Have a happy New Year.


----------



## indyjim (Apr 29, 2017)

You should throw it out. We buy from wolverine brass, but not their faucets. 


Sent from my iPhone using Tapatalk


----------



## Trainman (Dec 29, 2017)

indyjim said:


> You should throw it out. We buy from wolverine brass, but not their faucets.
> 
> 
> Sent from my iPhone using Tapatalk


Sadly that's what I found out after it was installed.

I appreciate your reply.

Rich


----------



## Tommy plumber (Feb 19, 2010)

Trainman said:


> Sadly that's what I found out after it was installed.
> 
> I appreciate your reply.
> 
> Rich


 












I'm a bit late to the party. Rich, did you ever get the cap nut removed? I don't do un-paid consulting in the field, but the nut either unscrews or pops off. 

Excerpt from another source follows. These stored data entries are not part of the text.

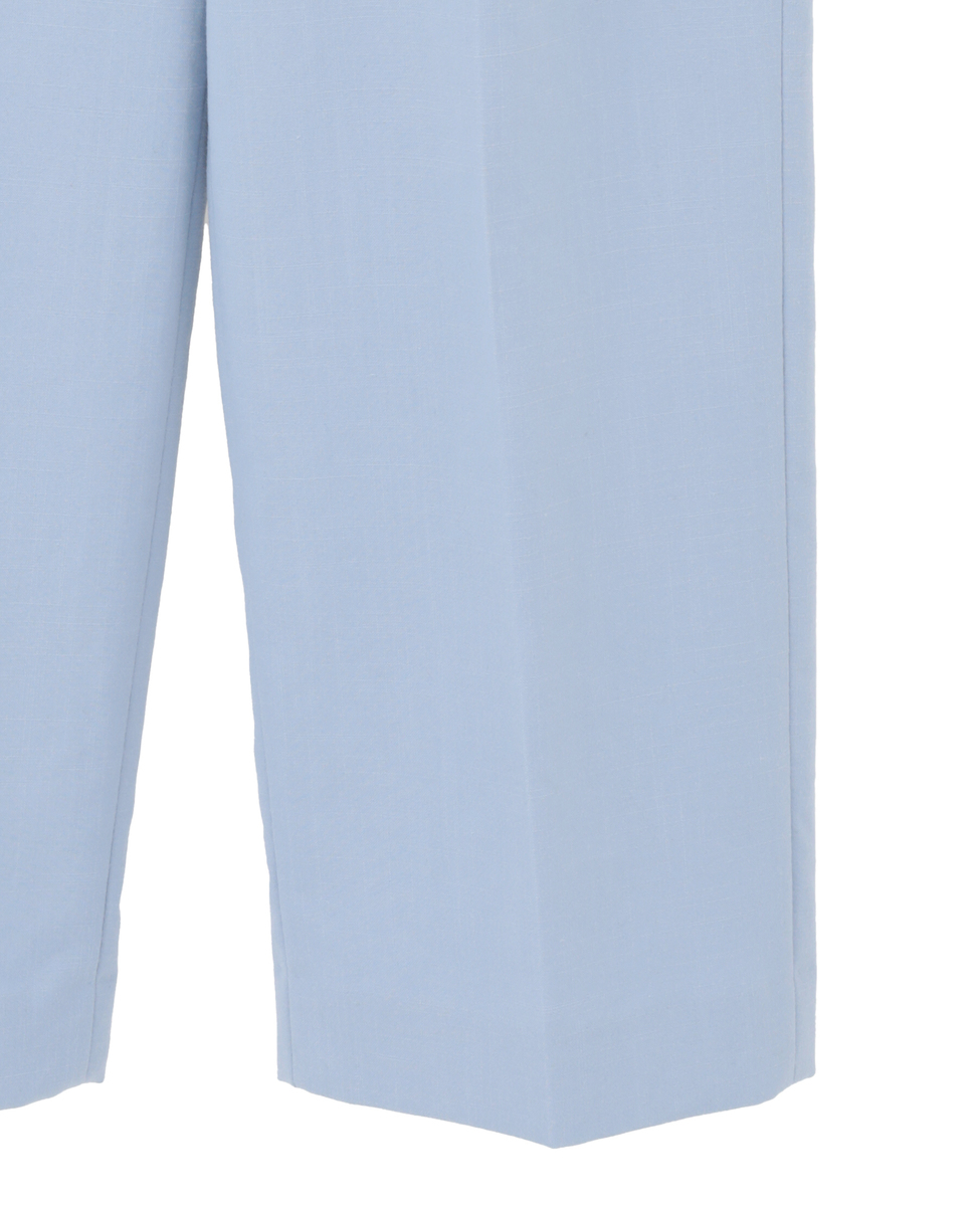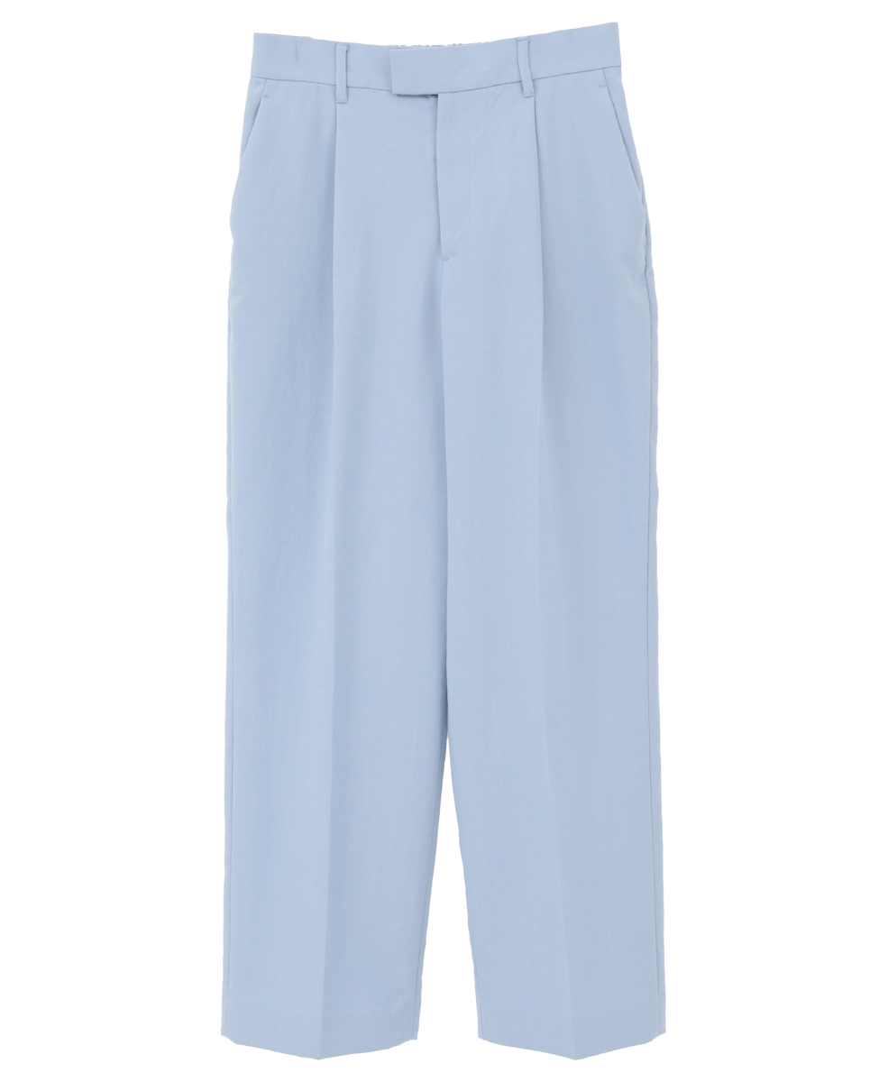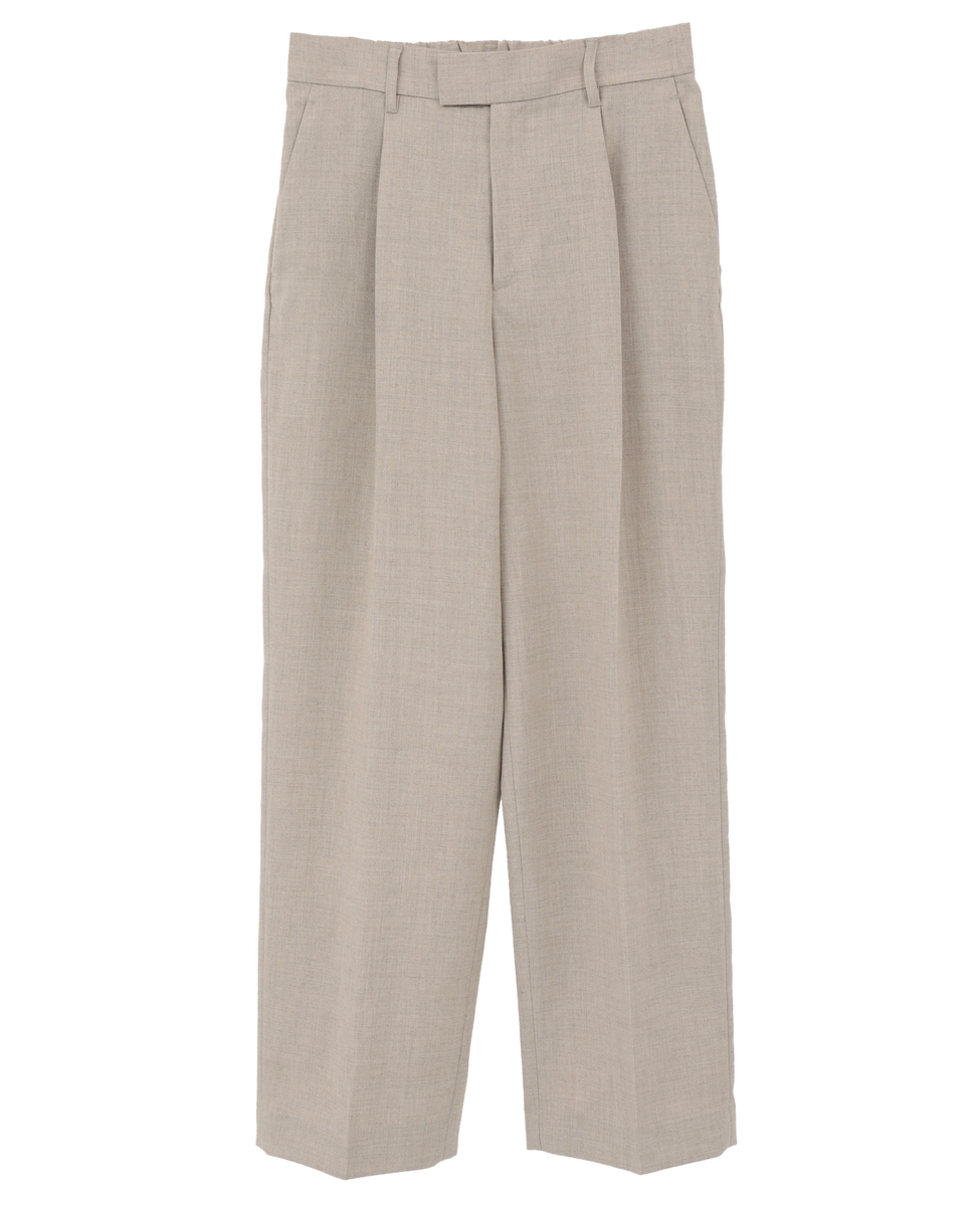 同素材のジャケットと合わせられる セットアップ仕様で、ワンタックを入れたた上品さと快適さを両立したストレートシルエットが特徴です。フロントはすっきりとした印象を保ちながら、 ウエスト後ろ部分のみゴム仕様(バックゴム)にすることで、見た目のきちんと感を損なわずに快適な履き心地を実現しています。脚のラインをまっすぐ美しく見せる センタープレスが施されており、縦のラインが強調されることで、脚長効果と全体のシャープな印象を演出。オフィスシーンからフォーマル・セミフォーマル、またはきれいめのデイリースタイルまで、幅広い場面で活躍するデザインです。
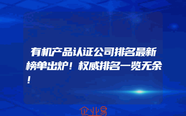 - 有机产品认证公司排名最新榜单出炉!权威排名一览无余!
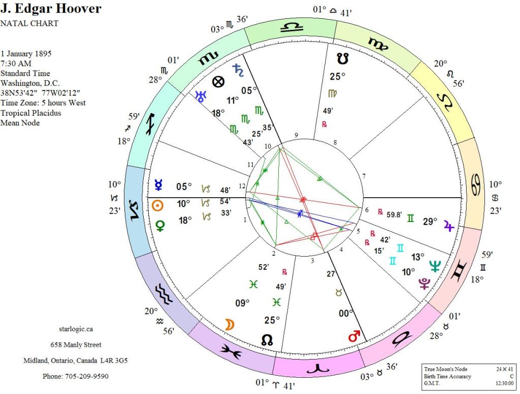 If you couple that doubt with the consistent use of a 7:30 am birth time, you get a very unreal result: birth, just before dawn and a double inconjunct linking Neptune and Pluto with the Sun and the Ascendant. However, if it is correct on both counts, this may help us understand his stubborn attitude AND his need to discover hidden matters, while keeping those secrets. Having Mars in opposition to his Saturn/Midheaven conjunction could also be a very large hint: all actions taken were to maintain control over his Federal Bureau of Investigation.

My advice, call a plumber.


----------



## Trainman (Dec 29, 2017)

Tommy plumber said:


> I'm a bit late to the party. Rich, did you ever get the cap nut removed? I don't do un-paid consulting in the field, but the nut either unscrews or pops off.
> 
> My advice, call a plumber.


I haven't worked on it yet. I'm waiting for the O ring kit to arrive. Right now it is 15 degrees in NY and plumbers are at a premium. I spoke with the plumber who originally installed it for $369.00. Replacing the O rings is a service visit with a base charge of $150.00. I don't deny anybody their livelihood, but if I can DIY that will be the route. It looks like it may indeed just unscrew with a brass nut underneath to release the cartridge.

Thanks, I appreciate your input.


----------



## GAN (Jul 10, 2012)

Trainman said:


> Another wiseguy.
> 
> FWIW - I will ask your administrator to remove me from your forum. Class really shows, doesn't it.

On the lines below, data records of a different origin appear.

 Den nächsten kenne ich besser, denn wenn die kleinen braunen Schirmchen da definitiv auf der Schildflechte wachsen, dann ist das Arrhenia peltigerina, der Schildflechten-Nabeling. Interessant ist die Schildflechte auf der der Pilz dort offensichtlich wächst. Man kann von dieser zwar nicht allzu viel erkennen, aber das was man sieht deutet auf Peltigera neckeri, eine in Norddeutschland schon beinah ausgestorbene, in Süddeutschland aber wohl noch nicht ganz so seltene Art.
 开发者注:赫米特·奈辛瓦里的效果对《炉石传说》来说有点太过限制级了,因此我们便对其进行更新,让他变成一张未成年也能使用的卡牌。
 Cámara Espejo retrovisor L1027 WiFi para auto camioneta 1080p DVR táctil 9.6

Yep & proud of it. Do you do "free work"? Ask your doctor to drop his fees next visit.

We tend to jump on people who can't "READ" the rules before posting, whether you think they are fair or "its just a question".

Free advice to the general public is not publicized or welcome here.:vs_no_no_no: 

How about trying to call up your towns Plumbing Inspector and get his advice. At least he is local.


----------



## Tommy plumber (Feb 19, 2010)

Trainman said:


> I haven't worked on it yet. I'm waiting for the O ring kit to arrive.* Right now it is 15 degrees in NY and plumbers are at a premium*. I spoke with the plumber who originally installed it for $369.00. Replacing the O rings is a service visit with a base charge of $150.00. I don't deny anybody their livelihood, but if I can DIY that will be the route. It looks like it may indeed just unscrew with a brass nut underneath to release the cartridge.
> 
> Thanks, I appreciate your input.


 












Oh so it warmed up?.........:laughing:. I'm in north FL and we are dipping into the 20's tonight and tomorrow night; flurries for parts of N. Florida.

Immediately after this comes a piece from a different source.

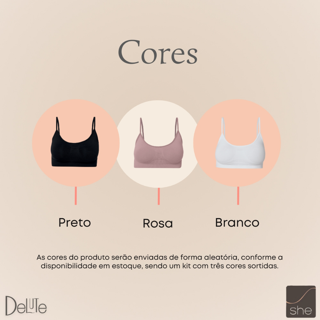 Kit Com 3 Tops Fitness Nadador Sem Costura Sem Bojo Microfibra Ref. 752.04 - She lingerie Top Nadador Microfibra Sem Costura, ideal para roupas diferentes. Produzida em tecido microfibra, o top nadador possui modelagem anatômica que proporciona o máximo de conforto para todas as mulheres. Com 3 opções de cores, o modelo é ideal para o dia a dia. Caracteristicas: - Modelagem anatômica - Secagem rápida - Modelagem regata sem costura - Não marca sob a roupa - Confeccionado em microfibra - Máximo conforto e durabilidade -Modelo Sem Bojo. Composição: - 89% Poliamida - 11% Elastano. Cores: - Rosa - Branco - Preto Tamanhos: - P - 36 a 38 - M - 40 a 42 - G - 44 a 46
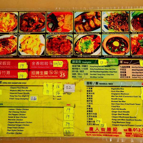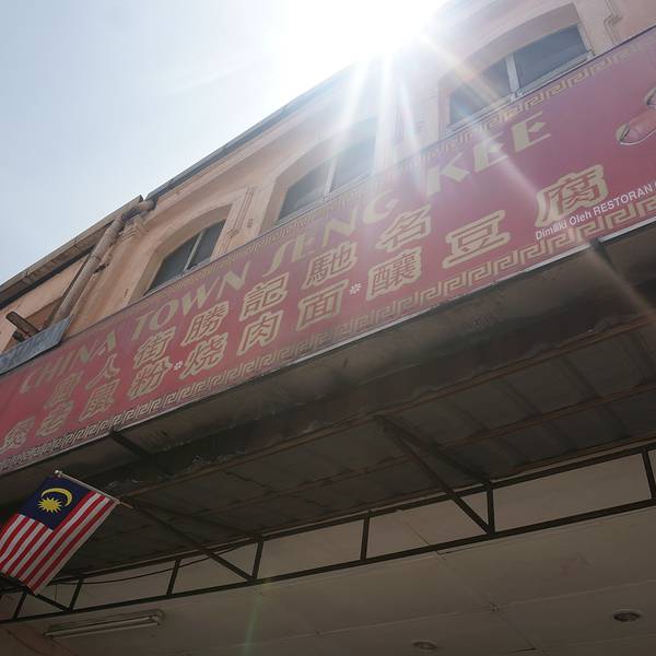 传说中的胜记,在唐人街附近,店里没什么人,招待我们的伙计是印度人,会讲粤语的印度人。 春节,吉隆坡的街道上好少人啊,没几家店是开的,开着的店里也没什么人。 点了招牌菜瓦煲老鼠粉和酿豆腐。 老鼠粉是一种粉,据说是因为形状像老鼠而得来的名字,瓦煲上桌时还是滚烫的,煲里的蛋黄还没熟呢。说实话,味道都有点重,刚开始吃觉得很像,但吃多几口就想喝水,不太习惯。酿豆腐的炸腐竹味道也不错,酱汁是秘制的,吃一两块就行了,因为会腻,菜饭先生尝了一口就不吃,整盘给我,我吃到第四块就想喝水……

Anyway, back on topic: Thread closed.

I was in a festive mood, but as I posted, I do not do un-paid consulting in the field. If some person wants to pick my brain {ie: they want me to tell them how to perform a repair without paying me for said repair and only pay me a nominal fee for showing up} my answer is: I don't do un-paid consulting. I'll gladly tell you how to do it for $90/hour with a 2-hour minimum.


----------